# Pumpkin Spiked Latte



## CoffeeKat (Jan 15, 2014)

Had our Autumn photoshoot yesterday. LuLu was not amused but did allow a few shots before she climbed out.


----------



## gracefulchaos01 (Mar 19, 2014)

omg, I'm not even going to enter now. that is the cutest danged thing I have seen in forever  
Ok, I might enter, but it's going to take some real work to out-cute that!


----------



## ellisrks01 (Mar 25, 2014)

That's a awesome pic of LuLu! I'm so jellous! My gf and I tried our photo session with Oreo last night but is just wasn't happening.:roll: I think I'll have to use Nikki for the contest she's a decent picture taker.


----------



## gracefulchaos01 (Mar 19, 2014)

400+ photos, 6 hedgehogs. tons of cute photos, don't get me wrong. But only 8 I would consider actually submitting. 
But I better see Lulu in that contest! and an Ellis photo!


----------



## CoffeeKat (Jan 15, 2014)

Thanks guys  That's her WTF look, since I scooped her out of a warm, dark bed and plopped her in a cup. It only took her about 30 seconds to wake up and then she was on the move and all bets were off.


----------



## PennyRosa (Mar 2, 2014)

I entered Penny and she is suppppper cranky so hard to get a good photo of. I thought my picture was better that I entered for the summer contest, so we will see. 

ONE day i'll win... :]


----------



## CoffeeKat (Jan 15, 2014)

Grace, you've got my vote for the 411 contest. I'm entering Larry's contest. You have very photogenic kids, and it has to be tough to choose for something like this. Ellis, both of yours are adorable (have we even seen a pic of Bruce?)


----------



## CoffeeKat (Jan 15, 2014)

Is that your Penny with the green lights? That is an awesome picture


----------



## PennyRosa (Mar 2, 2014)

Yes! My dad LOVES Halloween, so he had tons of cool stuff to use for our photoshoot. :]


----------



## gracefulchaos01 (Mar 19, 2014)

oh! I love the green light photo! It's very artsy


----------



## ellisrks01 (Mar 25, 2014)

Grace, there will be a "Ellis photo" in the contest  I'm just a slacker, and last nights photo shoot was pretty crappy haha!



CoffeeKat said:


> Ellis, both of yours are adorable (have we even seen a pic of Bruce?)

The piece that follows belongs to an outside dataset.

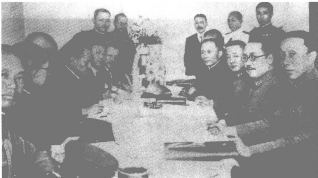
日军攻占冷口、滦东后，兵逼平津，迫使中国政府签订了《塘沽协定》，默认日本对东北、热河的军事占领，冀东作为缓冲区任由日军自由出入，华北门户洞开。图为中（右）日双方代表在塘沽会议上。

沽协定》，规定中国军队立即撤退至延庆、昌平、高丽营、顺义、通州、香河、宝坻、林亭口、宁河、芦台所连之线以西以南地区，不得越过该线，不得有挑战扰乱之行动。日军为确悉上述规定执行情形，随时可用飞机及其他方法进行观察，中国方面对此应加以保护及予以各种便利。日军在证实中国军队遵守上述规定后，不再越过该线追击，并自动归还至长城之线。长城线以南及上述规定之线以北以东地区的治安维持，由中国警察机关担任，但不得用刺激日军感情的武力团体。这个协定，不仅事实上承认了日本占领东北3省和热河的合法性，而且将冀东各县划为日军可以“自由行动”而中国军队不能进入的“非武装区”，中国军队则退至北平、天津附近。这样，就置华北于日军监视和控制之下，为日本攻取北平、天津，进而夺取整个华北打开了方便之门。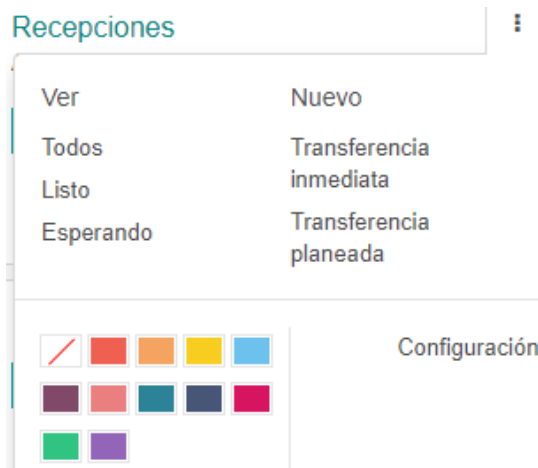
Figura N°2: Menú Recepciones

I have a picture or two of Bruce in my profile album. I never get the chance to post pics of him because he's always on the move. (He's definitely not a contender)

Here's Bruce Quillis


----------



## gracefulchaos01 (Mar 19, 2014)

You know, I had pretty low expectations for the second set shoot. In all honesty it came out much better than I thought it would. You never know if you have a diamond in the rough until you start going through the photos on the big screen.


----------



## coffeebean (Aug 27, 2014)

omg that is adorable!!!


----------



## PennyRosa (Mar 2, 2014)

Hehe. Maybe I have a chance of doing better on this contest. Thanks guys!


----------



## Kiwithehedgie (Oct 1, 2014)

What contest are yall talking about? I'm still pretty new to this.


----------



## gracefulchaos01 (Mar 19, 2014)

Larry at Carolina Storm Wheels holds an annual HedgeOWeen contest. There are already some wonderful entries and a few of us here are also planning on tossing our hats in the ring for the competition. Larry made a post about it that you can find and look at the entries from there, or you can click the Carolina Storm Wheels banner ad at the top of the page and go directly to his website that way.


----------